** Opening MATERIAL PROVIDED block **

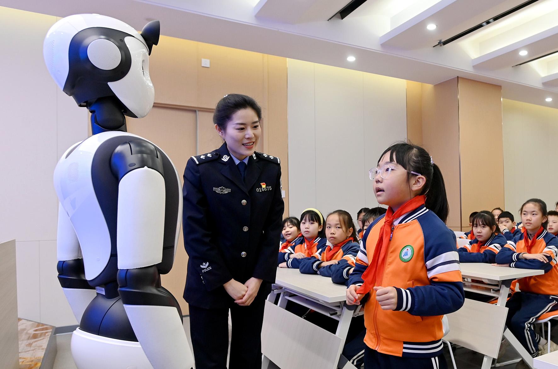 2月25日,甘肅省蘭州市公安局安寧分局“AI警察”——安小寧智能交互式機(jī)器人警官走進(jìn)水掛莊小學(xué)“開學(xué)第一課”大講堂,以童趣化智能交互式體驗(yàn)方式為師生講解校園安全、自我保護(hù)、反詐禁毒等知識。
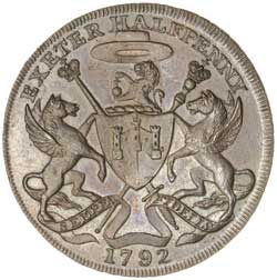 DEVON, Exeter halfpenny, 1792 (D&H.2). Red and brown, uncirculated.
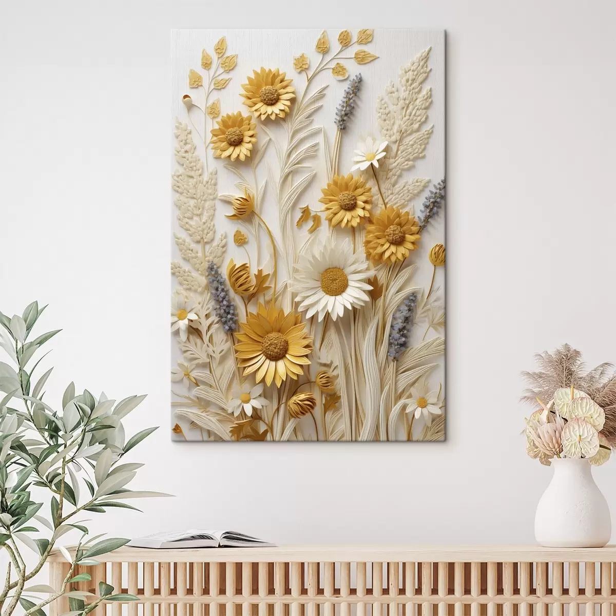 Quadri Una collezione materica di margherite gialle e bianche con erbe secche e rametti di lavanda su sfondo bianco Nr s47430
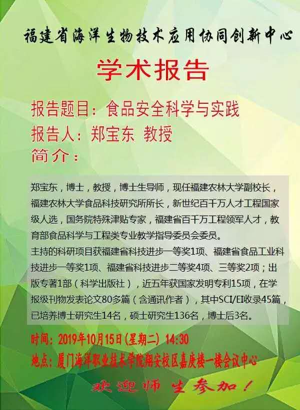 2019年10月15日,郑宝东老师受邀来到厦门海洋学院,在福建省海洋生物技术应用协同创新中心为“协同创新班”的同学们带来《食品安全科学与实践》的专题讲座。
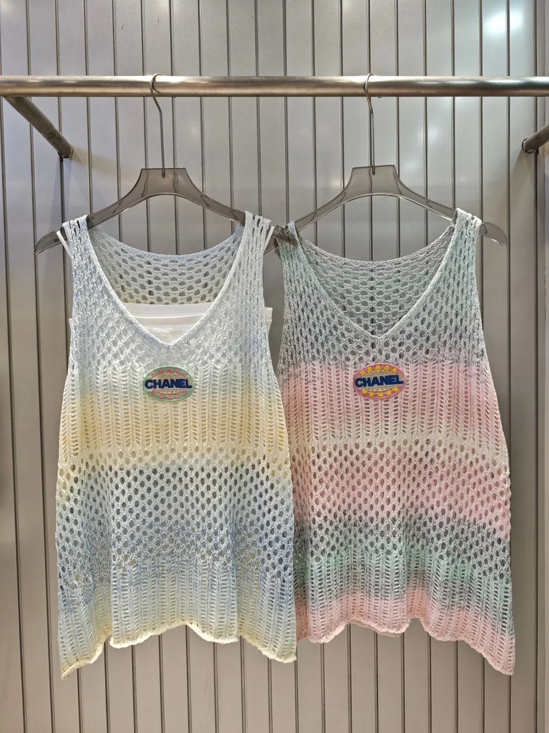 Chanel – Hohlstrickweste mit besticktem Buchstaben-Emblem

** Closing MATERIAL PROVIDED block **

TASK TO CARRY OUT
Repeat the records above word for word, apart from the pictures.

THE COMPLETED TASK
 2月25日,甘肅省蘭州市公安局安寧分局“AI警察”——安小寧智能交互式機(jī)器人警官走進(jìn)水掛莊小學(xué)“開學(xué)第一課”大講堂,以童趣化智能交互式體驗(yàn)方式為師生講解校園安全、自我保護(hù)、反詐禁毒等知識。
 DEVON, Exeter halfpenny, 1792 (D&H.2). Red and brown, uncirculated.
 Quadri Una collezione materica di margherite gialle e bianche con erbe secche e rametti di lavanda su sfondo bianco Nr s47430
 2019年10月15日,郑宝东老师受邀来到厦门海洋学院,在福建省海洋生物技术应用协同创新中心为“协同创新班”的同学们带来《食品安全科学与实践》的专题讲座。
 Chanel – Hohlstrickweste mit besticktem Buchstaben-Emblem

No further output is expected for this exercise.